Israel to reduce Gaza power, feeding fears of unrest

Banner Icon Israel-Palestine Israel will reduce electricity supplies to the Gaza Strip after funding cuts by Palestinian president Mahmud Abbas, an Israeli minister said Monday, worsening an already severe shortage in the Hamas-run enclave.

The move has raised fears of a new upsurge in violence, with Israel and Palestinian militants in Gaza having fought three wars since 2008.

The security cabinet decided Sunday to reduce the daily amount supplied to Gaza by between 45 and 60 minutes, Israeli media reported.

Gazans currently receive only three or four hours of electricity a day, delivered from the territory's own power station and others in Israel and Egypt.

Residents who can afford it use generators to power their homes or businesses in the impoverished Palestinian enclave of some two million people.

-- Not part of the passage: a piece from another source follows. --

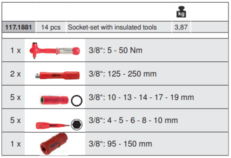 KS Tools 3/8" Hylsnyckelsats 12pt 10-19mm (moment 5-25Nm) VDE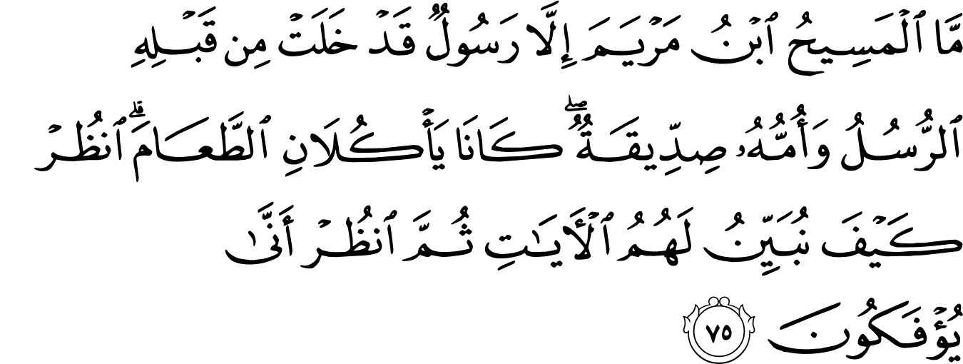 | 5:75:2 | الۡمَسِيۡحُ | الْمَسِیْحُ | الْمَسِیْحُ | الْمَسِيْحُ | الْمَسِيْحُ | ٱلْمَسِيحُ | ٱلْمَسِيحُ | ﯓ | ٱلْمَسِيحُ | الْمَسِيحُ | ٱلۡمَسِيحُ |

Israeli Public Security Minister Gilad Erdan said the reduction was due to an ongoing row between Abbas and his rivals Hamas, but he did not detail the scope of the cuts.

Abbas recently decided to "significantly reduce payments for Gazan electricity," he told army radio. "It would be illogical for Israel to pay part of the bill."

Abbas reportedly decided on the move in a further bid to pressure Hamas.

But the reduction has also sparked fears of fresh violence.

Hamas has run Gaza since 2007, when it seized it in a near civil war from Abbas's Fatah following a dispute over parliamentary elections won by the Islamist movement.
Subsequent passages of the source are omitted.